Looks like they would make a great perimeter firewall system or even a low power NAS. It has a quad port Intel NIC and IPMI.


----------



## SirDice (Apr 1, 2016)

That looks like a nice board indeed. I haven't seen it myself but it should run FreeBSD just fine. Most SuperMicro boards do. If you click on the OS Compatibility link for this one SuperMicro even tested it for FreeBSD 10.0.


----------



## gofer_touch (Apr 1, 2016)

April 8th is supposed to be the launch date. Looking forward to picking up a couple of these.


----------



## wblock@ (Apr 3, 2016)

What will the Supermicro board cost?


----------



## Phishfry (Apr 3, 2016)

These are similar Supermicro boards in wide use. $250US
http://www.supermicro.com/products/motherboard/Atom/X10/A1SRi-2558F.cfm



Difference being 2 core versus 4 core CPU and 8GB RAM module support versus 16GB per slot and 2 ram slots versus 4 slots.
2 each SATA2 ports versus 4 SATA2.

I would bet around $200US


----------



## Phishfry (Apr 4, 2016)

I was wrong about the memory. It will take a 16GB stick according to the Memory List. So who would add a single stick? The max memory is 16GB it says...I always populate memory for Dual Channel configuration.

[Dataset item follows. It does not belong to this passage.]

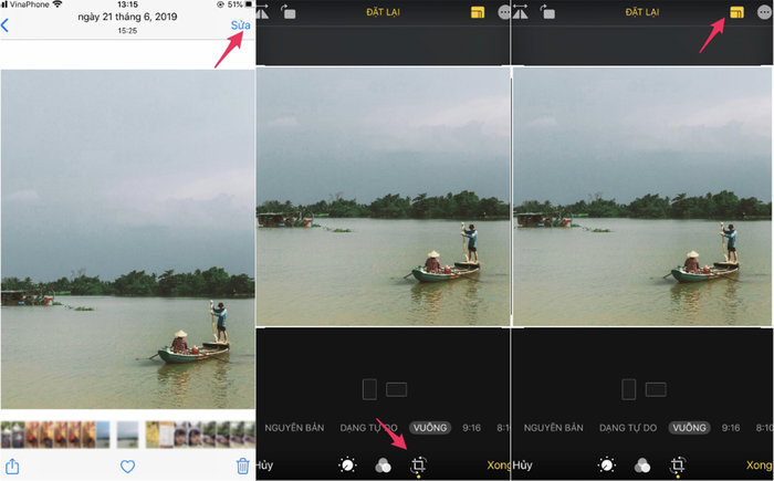 Tại đây bạn cắt thành ảnh vuông và xoay ảnh sao cho đường chân trời trở thành đường chéo của hình ảnh đó.

So I guess the new board advantage is the 7W CPU?? Odd that 2 years later they come out with this. The board I posted was released in 2014.
http://www.servethehome.com/supermicro-a1sri-2758f-review-rangeley/


----------



## Phishfry (Apr 4, 2016)

The literature for the board says memory = 1333mhz yet the memory list for the board only has 1600mhz modules listed. The older versions of this board have 1333mhz modules listed as supported along with 1600mhz..
Looks like the CPU has the 16GB limit.
http://ark.intel.com/products/77978/Intel-Atom-Processor-C2358-1M-Cache-1_70-GHz


----------



## gofer_touch (Apr 4, 2016)

Yeah, I've been told the same around 200 US or so for this board. Pretty affordable for Supermicro quality, a quad Intel NIC port and 7 watts. Not to mention fanless. I guess it woul'nt be all that useful for those who like to do transcoding but for a stable professional system with a dedicated function, this looks pretty good on paper.


----------